Learning Probability for Machine Learning

Understanding probability is fundamental to machine learning. In this post, we’ll explore one of the most important theorems in statistics: the Central Limit Theorem (CLT).

What is the Central Limit Theorem?

The Central Limit Theorem states that when you have a large number of independent random variables, their sum (or average) tends to follow a normal distribution, regardless of the original distribution of those variables.

This is powerful! It means that even if we start with something as simple as coin flips (which follow a Bernoulli/Binomial distribution), when we take enough samples and look at their averages, we’ll see a beautiful bell curve emerge.

Interactive Demonstration

Let’s prove this through simulation! Below is an interactive visualization where you can:

Flip a coin multiple times
See how the distribution of averages converges to a normal distribution
Adjust parameters to see how sample size affects convergence

The Mathematics Behind It

Binomial Distribution

When we flip a fair coin \(n\) times, the number of heads \(X\) follows a binomial distribution:

\[P(X = k) = \binom{n}{k} p^k (1-p)^{n-k}\]

where:

\(n\) is the number of trials (coin flips)
\(k\) is the number of successes (heads)
\(p\) is the probability of success (0.5 for a fair coin)

Central Limit Theorem Application

For a binomial random variable with \(n\) trials and probability \(p\):

Mean: \(\mu = np\)
Standard deviation: \(\sigma = \sqrt{np(1-p)}\)

As \(n \to \infty\), the standardized variable converges to a standard normal distribution:

\[Z = \frac{X - np}{\sqrt{np(1-p)}} \xrightarrow{d} N(0, 1)\]

Why This Matters for Machine Learning

The Central Limit Theorem is crucial in ML because:

Statistical Inference: It allows us to make probabilistic statements about model parameters
Bootstrap Methods: Understanding sampling distributions helps us estimate confidence intervals
Optimization: Many gradient-based methods rely on the assumption that averages of gradients behave normally
A/B Testing: We use CLT to determine if differences between models are statistically significant

Experiment with the Demo

Try these experiments with the visualization above:

Start with 10 coin flips and 100 experiments - you’ll see some variation
Increase to 50 flips - notice the distribution becomes more bell-shaped
Try 100 flips with 1000 experiments - beautiful normal distribution!

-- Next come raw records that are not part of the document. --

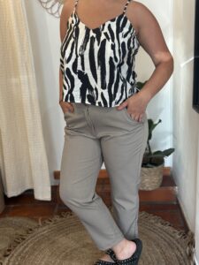 tiro alto, cuenta con cierre y boton , en la parte trasera tiene elastico para un mejor calce, comodidad y amplitud en la prenda.
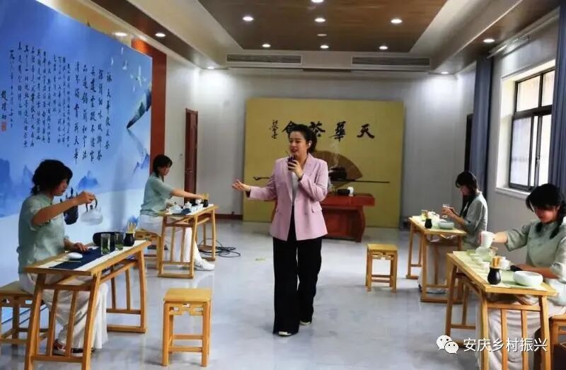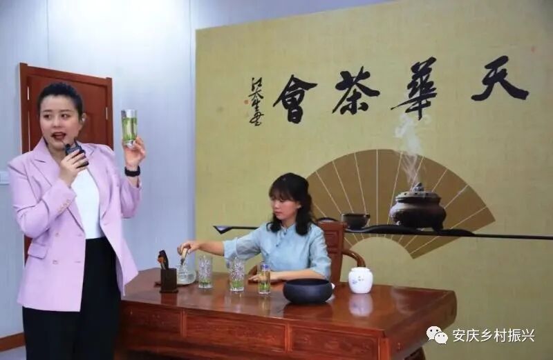 俗话说:“好山好水出好茶”。在民居旁边的安徽中天生态农业发展有限公司“天华谷尖茶会室”里,更是展示谷尖色香味形和茶艺文化的魅力所在。伴着优美悦耳的古筝旋律,五位美女正用温婉娴熟的动作展示精湛的茶艺术,传播精深的茶文化。并通过主播芳芳与茶叶专家刘立华的友情对话,把天华谷尖外形挺直、形似稻谷、色泽翠绿、回味甘甜、白毫显露的特性说到了极致。更令现场沉浸在品茶之中且一贯嗜好茶品的安徽中腾集团公司董事长李玉中更为感叹:“天华谷尖茶汤色碧绿,叶底匀整,嫩绿明亮。闻一闻,香气高长,味道浓厚;喝一口,滋味鲜爽,回味绵长”。
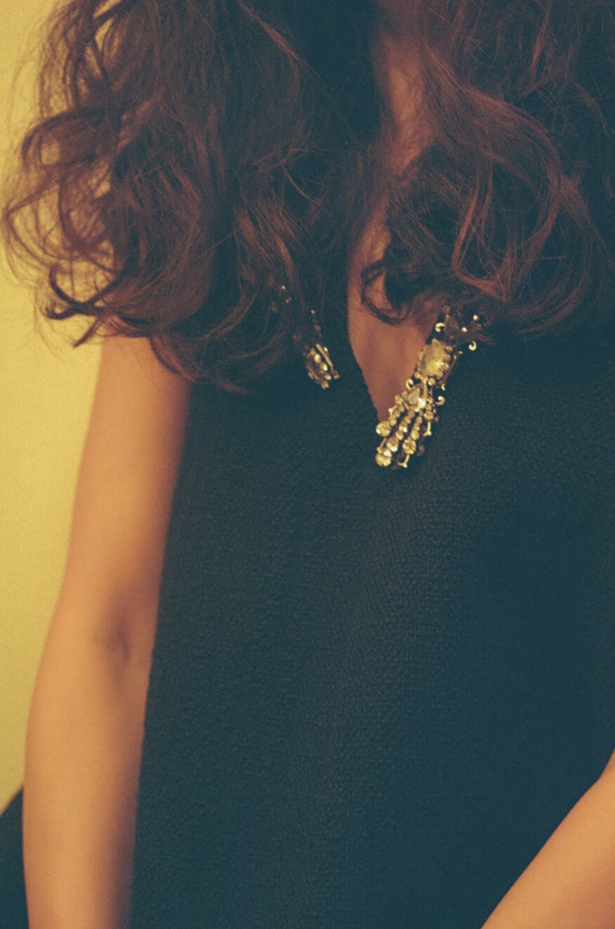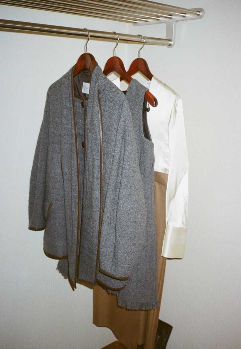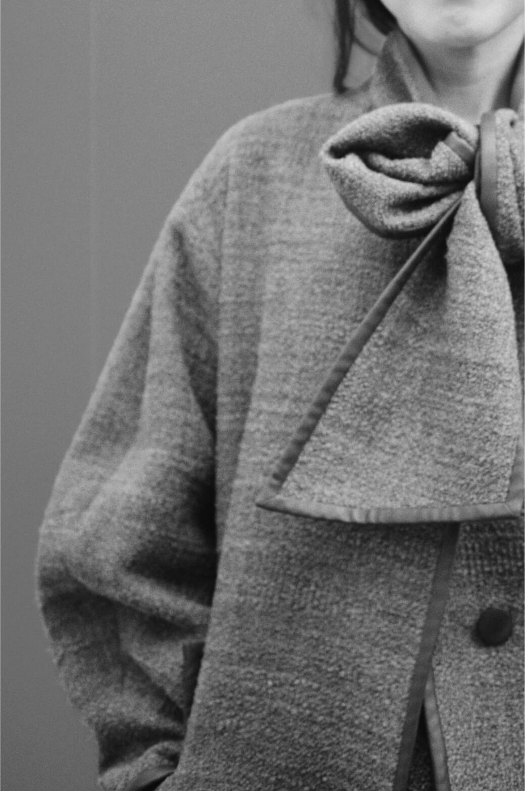アスコットシャツのように襟のリボンとコートが一体化したデザインが目を引くツイードのコート。顔まわりを華やかにしてくれる大きなリボンは、結んだら素敵なのは言うまでもなく、前を開けて緩く結んでも、無造作に垂らしているだけでも様になる。撮影中に辻さんの着こなしを見ていても、リボンのあしらい方ひとつでかなり楽しめる作りになっているのが伝わってきた。そして、もうひとつ辻さんがこだわっているのは着丈だとか。同生地のワンピースと合わせた時に、コートの裾から出る生地の分量や見え方を特に意識し、絶妙なレングスに仕上げているという。撮影したルックをもう一度見てみると、セットアップはもちろん、様々な着回しにも応用できる万能なシルエットであることがわかる。
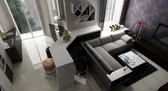 تصميم غرفة صغيرة (12 M2) مع أريكة.
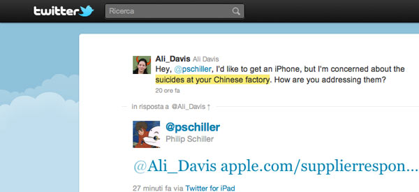 Ha scritto un messaggio al responsabile del marketing di Apple Phil Schiller, il quale aveva dichiarato di voler usare Twitter solo per amenità automobilistiche, sportive o musicali. Invece ci è ricascato ed ha risposto dal suo iPad. Non che sia stata una grande risposta, Schiller rimanda alla lettura dell’ultimo Supplier responsibility progress report, dove si possono leggere quante violazioni sono state riscontrate e (parzialmente) punite da Apple.
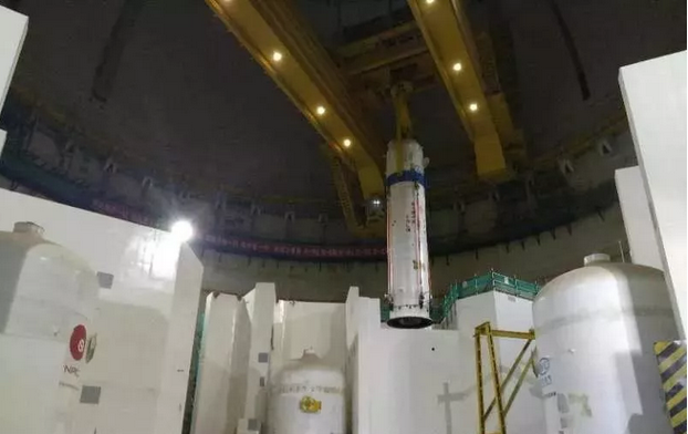 福清5號穩(wěn)壓器空重約104噸,總高13.8米,要將其引入核島需跨越壓力容器及大半個核島,還要避開前期已就位的蒸汽發(fā)生器和主泵等核島主設備,安裝工作難點多且就位要求高。為此核動力院設計人員提前進駐現(xiàn)場,與安裝單位現(xiàn)場分析解決問題,同步修改完善安裝方案,16日歷經(jīng)吊裝、引入、翻轉(zhuǎn)等工序后吊入穩(wěn)壓器隔間,最終于12時26分成功安裝就位。
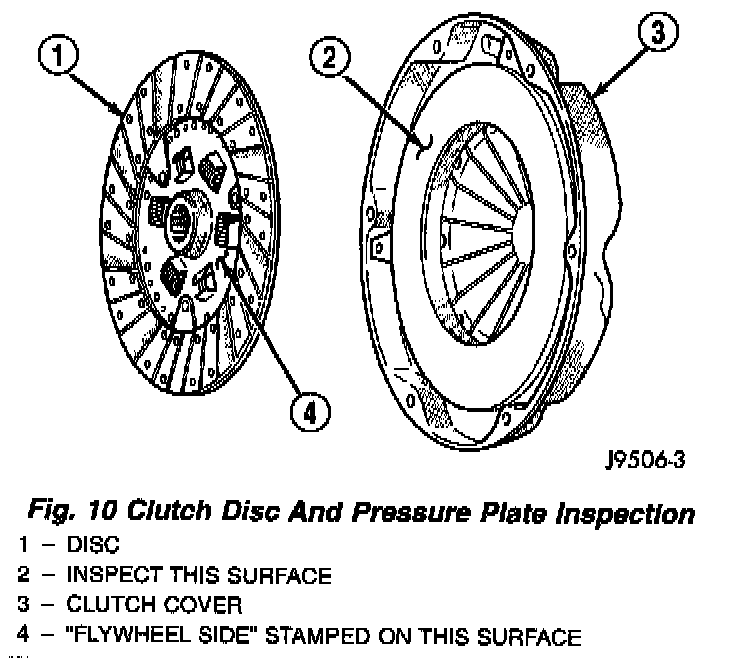 5. Inspect condition of pressure plate surface of clutch cover (Fig. 10). Replace cover if this surface is worn, heat checked, cracked, or scored.
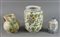 Lotto in maiolica a smalti policromi composto da brocca con manico e due vasi. H. max cm. 25.
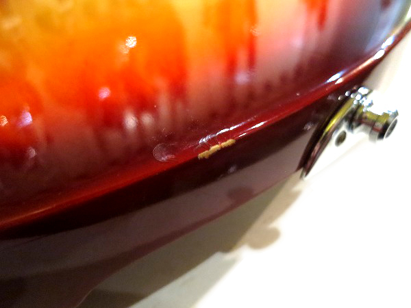 バック側のエンド部のエッジ部分に、エッジに沿った線状の塗装剥がれと打痕が1ヶ所見られる他、
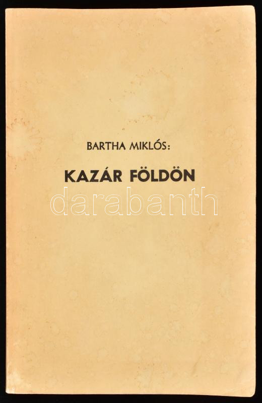 Bartha Miklós: Kazár földön. USA 1970: Turán bar áti kör emigráns kiadás. 150p. Kiadói papírkötésben
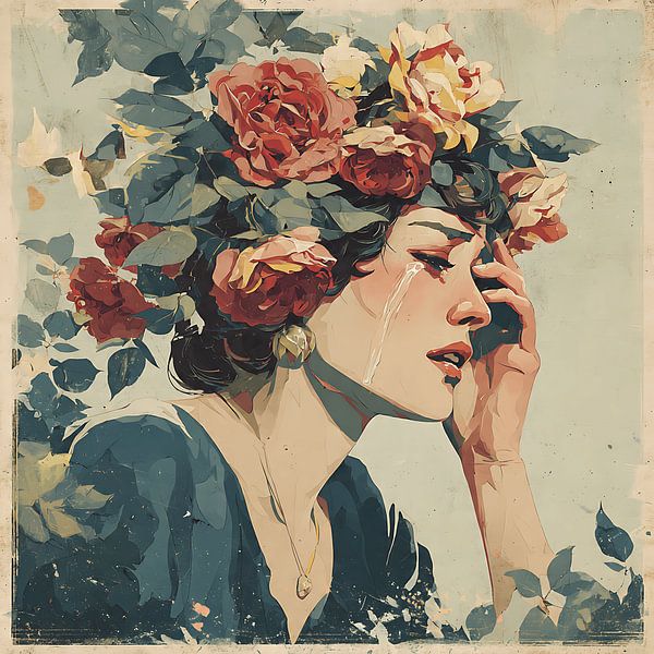 A surreal digital art illustration of a woman crying, with her tears turning into blooming roses from her head. Painted in an oil painting style with painterly brush strokes, soft muted vintage colors, and whimsical stylized design. Perfect for dreamlike wall art and surreal decor enthusiasts.
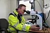 Fremmedvann er et stort problem i ledningsnettene. Her ser en driftsoperatør på vannprøver gjennom et mikroskop.
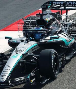 Mercedes e George Russell estavam entre os que executaram ancinhos aerodinâmicos, usados para analisar o fluxo de ar em carros (Getty Images).
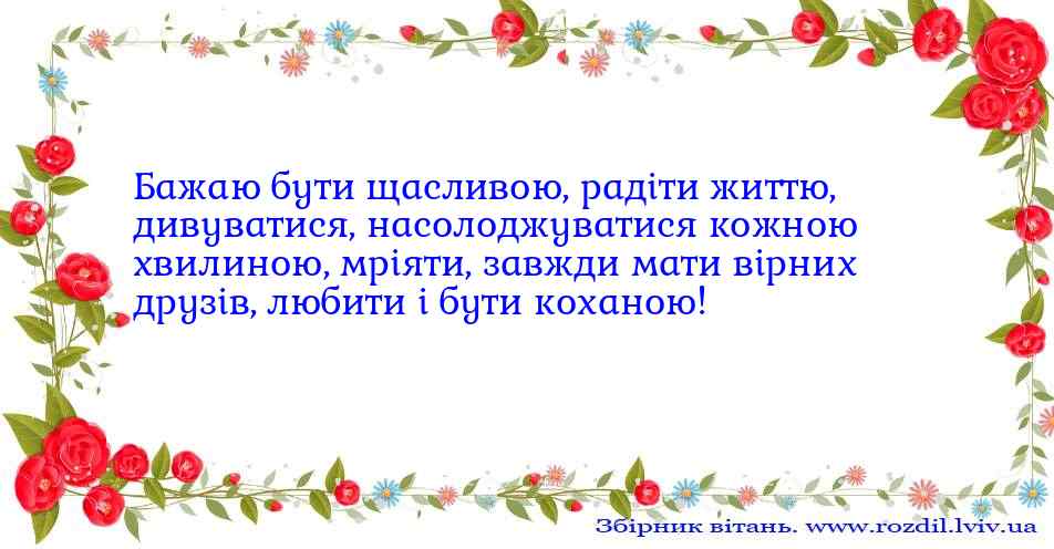 Бажаю бути щасливою, радіти життю, дивуватися, насолоджуватися кожною хвилиною, мріяти, завжди мати вірних друзів, любити і бути коханою!вітання №605
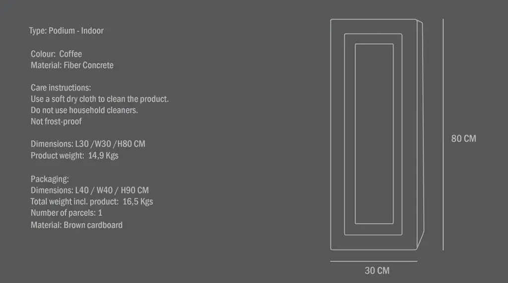 Podium, column, like a modern sculpture in Fiber Concrete, contemporary work.Concrete and fibre column or podium in the style of a contemporary sculpture. Inspired by the details of architectural facades. This column can be placed both horizontally and vertically. Available in three different heights. A contemporary creation of fine quality.Colour : CoffeeMaterial: Fiber ConcreteDimensions : L: 30 cm / W: 30 cm / H: 80 cm Product weight : 14,9 Kgs
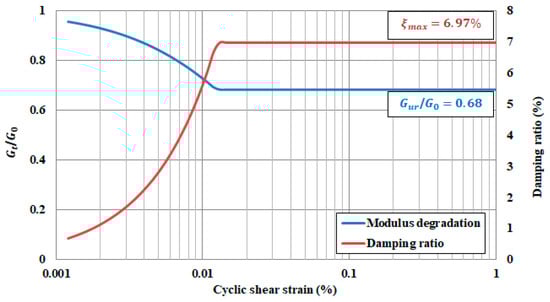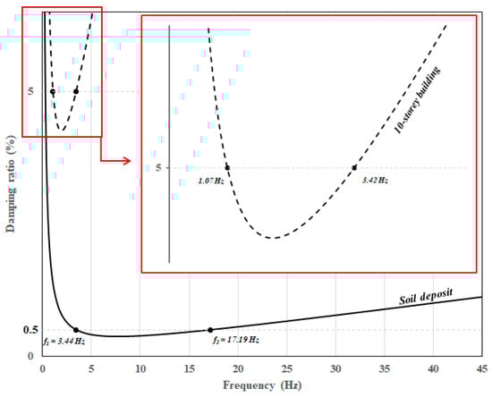 Soil exhibits hysteretic behaviour at small stresses and plastic behaviour at large stresses. It is important to define this behaviour of the soil in order to predict the seismic response of the system exactly. Therefore, a hardening soil small (HSsmall) model [30] is adopted in the present study. The HSsmall model can accurately simulate the depth-varying strength of the soil deposit and the hysteretic behaviour of the clayey sand [31]. Figure 6 exhibits the damping ratio curve and the normalized tangent shear modulus reduction curve for the soil deposit at the small strain range (10−3% ≤ γc ≤ 100%). To determine the soil–structure interaction effects, it is necessary to identify the natural vibration frequencies of the soil and superstructure [32]. In this context, soil natural vibration frequencies are also determined in the current study. The Rayleigh method was used to estimate the soil damping, as in the case of superstructure damping. Whereas Rayleigh damping is frequency dependent in the superstructure, it is almost frequency independent in the soil [33]. Therefore, the ξ has been assumed to be 0.5% in this study. The first and second natural vibration frequencies of the soil were calculated as 3.44 Hz and 17.19 Hz, respectively, with the second natural vibration frequency being 5 times the first natural vibration frequency, in accordance with previous studies on SSI analysis [11,34]. The change of damping ratio with frequency for the soil deposit is shown in Figure 5. It can be seen in Figure 5 that the critical frequency range obtained for the soil deposit is wider than the critical frequency range obtained for the structures.
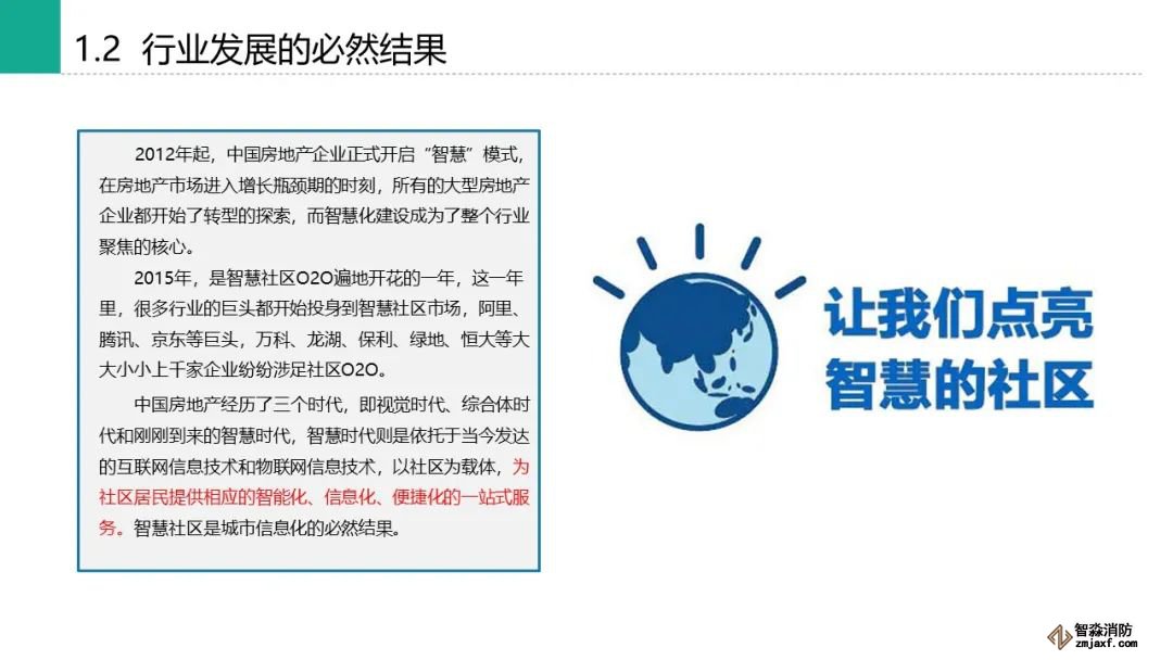 大家好,我是海灣消防。中國(guó)房地產(chǎn)經(jīng)歷了三個(gè)時(shí)代,即視覺時(shí)代、綜合體時(shí)代和剛剛到來的智慧時(shí)代,智慧時(shí)代則是依托于當(dāng)今發(fā)達(dá)的互聯(lián)網(wǎng)信息技術(shù)和物聯(lián)網(wǎng)信息技術(shù),以社區(qū)為載體,為社區(qū)居民提供相應(yīng)的智能化、信息化、便捷化的一站式服務(wù)。智慧社區(qū)是城市信息化的必然結(jié)果。
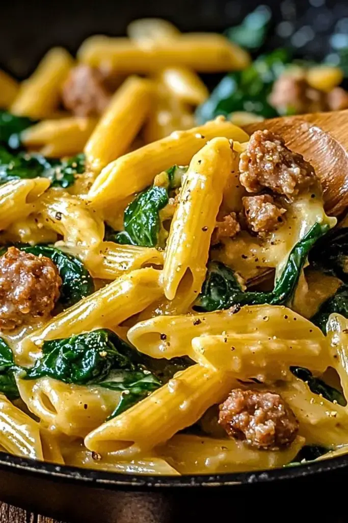 The combination of rich, savory Italian sausage, tender penne pasta, and vibrant spinach all enveloped in a luscious creamy sauce is simply irresistible. The flavors marry beautifully, giving you a dish that tastes like it took much more effort than it actually did. Whether I’m cooking for myself, family, or friends, this recipe never fails to please.
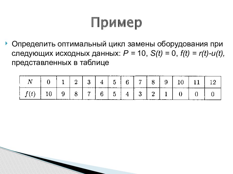 Определить оптимальный цикл замены оборудования при следующих исходных данных: Р = 10, S ( t ) = 0, f ( t ) = r ( t )- u ( t ), представленных в таблице Пример
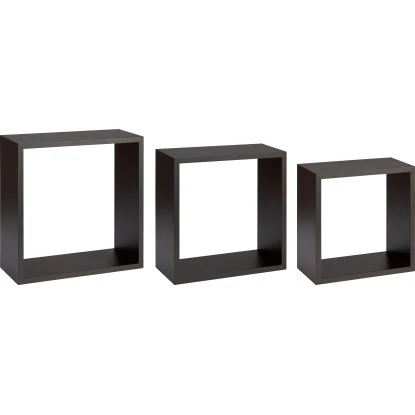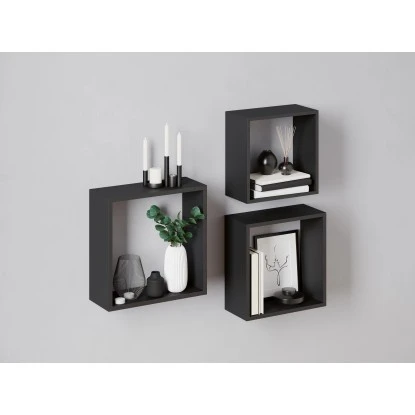 Für stilvolle Wandgestaltungen in Ihrem Zuhause eignet sich das 3-teilige Kubus-Set Meddon. Es stellt Ihnen drei unterschiedlich große Kubus-Regale zur Verfügung, die ein quadratisches Design besitzen. Sie eignen sich zur Platzierung von Kleinpflanzen, Bilderrahmen oder anderen Dekoartikeln. Gefertigt sind die Wandregale aus hochwertigen MDF-Holzwerkstoffen. Dank der beschichteten Oberflächen gestaltet sich die Reinigung denkbar einfach.
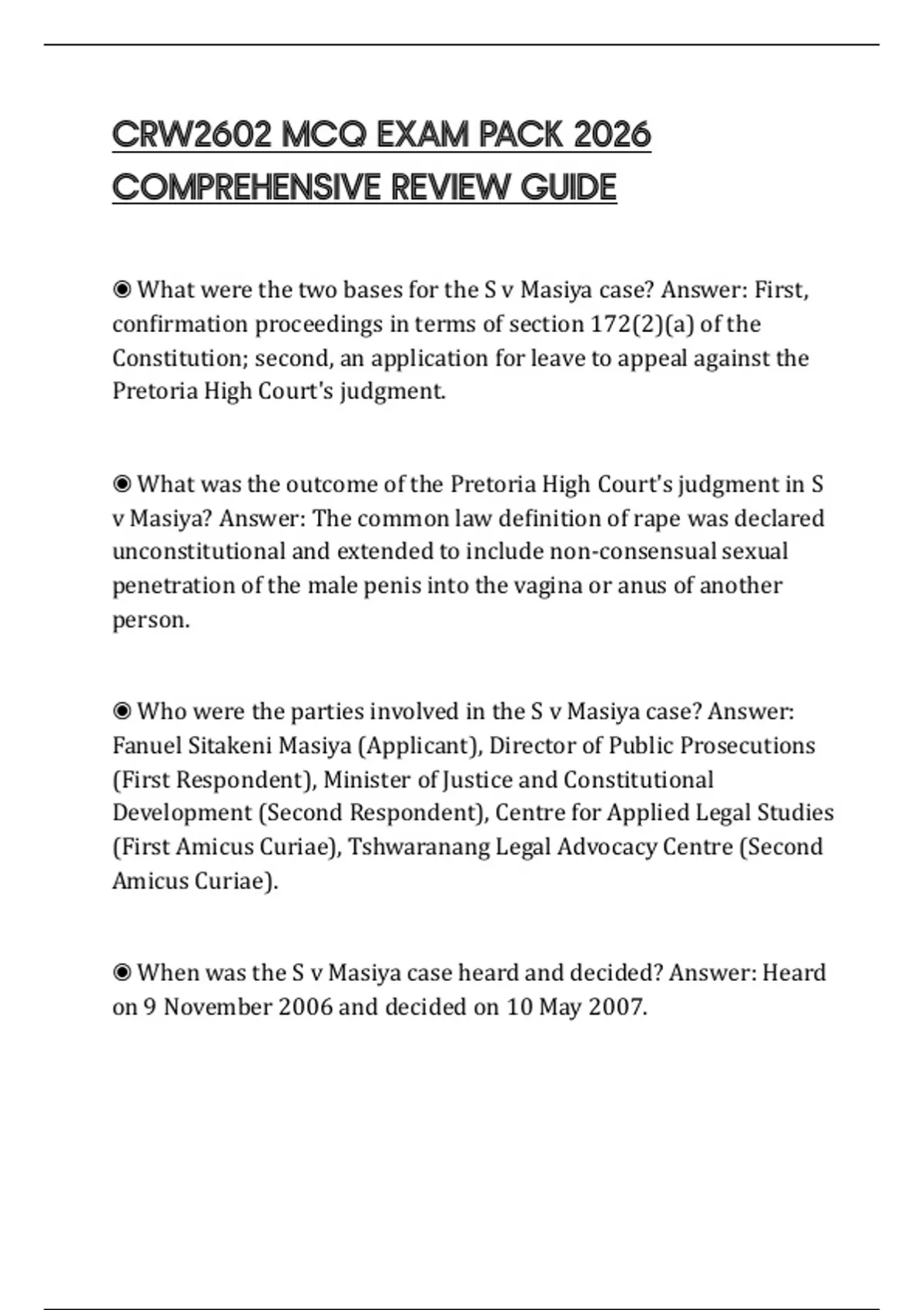 CRW2602 MCQ EXAM PACK 2026 COMPREHENSIVE REVIEW GUIDE
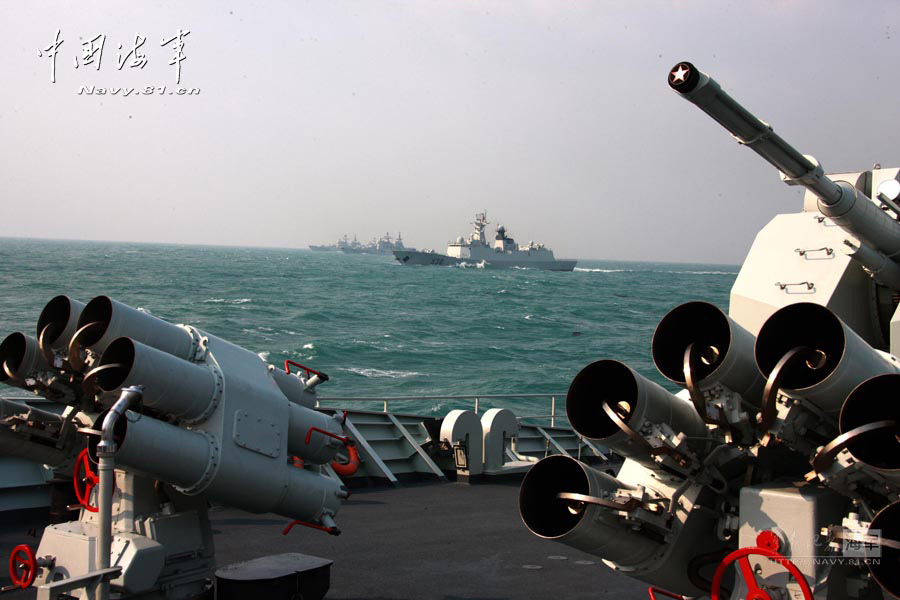 Warships of the East Sea Fleet under the Navy of the Chinese People's Liberation Army (PLA) conducts an offensive-and-defensive drill in a sea area, in a bid to improve troops' actual combat and emergency-handling capability. (navy.81.cn/Fang Lihua, Liu Yaxun)

The more coin flips per experiment and the more experiments you run, the more clearly you’ll see the normal distribution emerge.

Key Takeaways

The Central Limit Theorem is one of the most important results in probability theory
It explains why the normal distribution appears so frequently in nature and data science
You don’t need to start with normally distributed data to get normally distributed averages
Sample size matters: larger samples converge faster to the normal distribution

Try adjusting the parameters in the visualization to build your intuition about how the CLT works!